Exhibit celebrates Tupperware design history

? It may have been the most famous party of the last century.

The Tupperware party, introduced in 1948 and raised to a marketing art by a poor Detroit housewife in the 1950s, put the fun into food storage.

It promoted the usefulness of polyethlylene — less breakable, tight sealing, odor-free. At the same time, the party helped push the “look” of Tupperware — the simple lines and later, the bright colors — until it became an art form almost in itself.

“Uncluttered” and “marvelously free of that vulgarity which characterizes so much household equipment,” editors of a 1959 book on modern design wrote of Tupperware. Some of the containers were featured in a design exhibit at the Museum of Modern Art in New York in 1956.

A 2002 Brooklyn Museum of Art exhibit, “Vital Forms: American Art and Design in the Atomic Age,” included Tupperware containers.

A current traveling exhibit, “From Turbines to Tupperware: Two Centuries of Industrial Drawings From the Smithsonian,” features a Tupperware bowl design.

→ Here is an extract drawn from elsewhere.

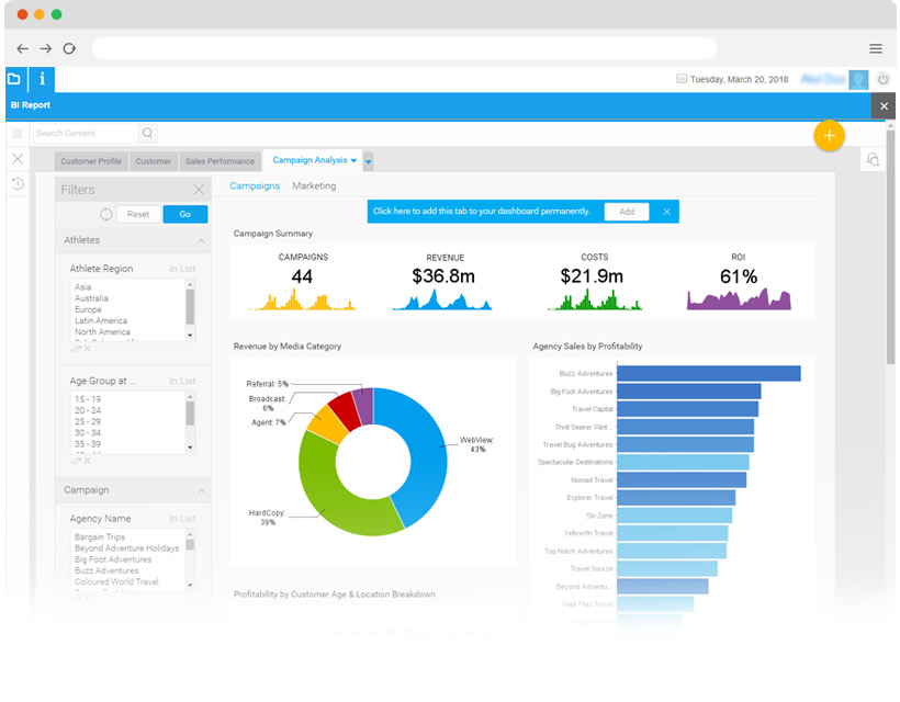Define and track the figures that are important to your business on your role-based dashboards. Set KPI for each role and user and have them presented right at the workspace.

Now, a new exhibit, “Tupperware Party: Past, Present, Future,” showcases the products and the party-holders over the past seven decades. The show runs through March 21 at the Columbus College of Art and Design.

Functional and efficient

“You’re not going to go to a car lot and say, ‘What’s the ugliest thing you’ve got? I’ll take one,”‘ said Scott Miller, a former Tupperware industrial designer.

The idea is to make things capable of being left out “without having them look foreign in your kitchen,” Miller said. “You can put the cereal server out, and if you forget to put it away, you’re not going to be embarrassed by the fact it’s this ugly, bulbous, not-very-nice-looking thing. You can leave it out — that’s a plus.”

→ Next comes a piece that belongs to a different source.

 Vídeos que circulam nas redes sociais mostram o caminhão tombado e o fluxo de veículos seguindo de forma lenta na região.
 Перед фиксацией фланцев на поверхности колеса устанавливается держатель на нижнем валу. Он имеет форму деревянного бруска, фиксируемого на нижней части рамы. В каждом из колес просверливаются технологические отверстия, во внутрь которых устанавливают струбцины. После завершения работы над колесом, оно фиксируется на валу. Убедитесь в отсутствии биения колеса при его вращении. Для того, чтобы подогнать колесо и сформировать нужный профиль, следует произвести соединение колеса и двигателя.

The company has always focused on creating a product that’s functional and efficient, “and yet at the same time aesthetically pleasing,” said CCAD director of exhibitions Natalie Marsh, who curated the show.

Women participate in a Tupperware partY in this undated Smithsonian Institution photo. A new exhibit, running through March 21 at the Columbus College of Art and Design in Columbus, Ohio, showcases the products and the party-holders over the past seven decades.

The exhibit follows the plastic products from their introduction in the 1940s, when housewives needed to be instructed on how best to use the new locking plastic lids. The containers from that era are utilitarian but drab to our color-conscious eye — tall, white cylinders, more laboratorylike than luxurious.

“It’s the clean lines you see on it — even the seal — everything is so symmetrical,” said Tom Damigella Jr., of Boston, owner of the last remaining original Tupperware distributorship. “That’s what I love about it. There’s nothing obtuse about it.”

The simple, elegant design stayed true through the decades while the use of color expanded. The 1960s saw the beginning of light greens and yellows. The 1970s brought browns and dark greens to match changing tastes — remember that avocado refrigerator?

The 1980s brought a profusion of reds, blues and purples.

‘Material of the future’

Today, most Tupperware products involve the “organization” of food rather than simply the storage of it, Damigella said.

For example, Miller shows off a square container available to Korean consumers for making kimchee, the fermented cabbage considered the country’s national dish. When the top of the container pops up, the fermentation is done.

Or take the company’s “Rock ‘n Serve,” a freezer-to-microwave storage and cooking device, as well as a series of smooth, seamless purple plates and bowls that Miller designed.

“Those are the things I find particularly challenging,” he said. “It seems like a very simple thing to design, but there are so many plates and so many bowls out there — it’s like, what do you do?”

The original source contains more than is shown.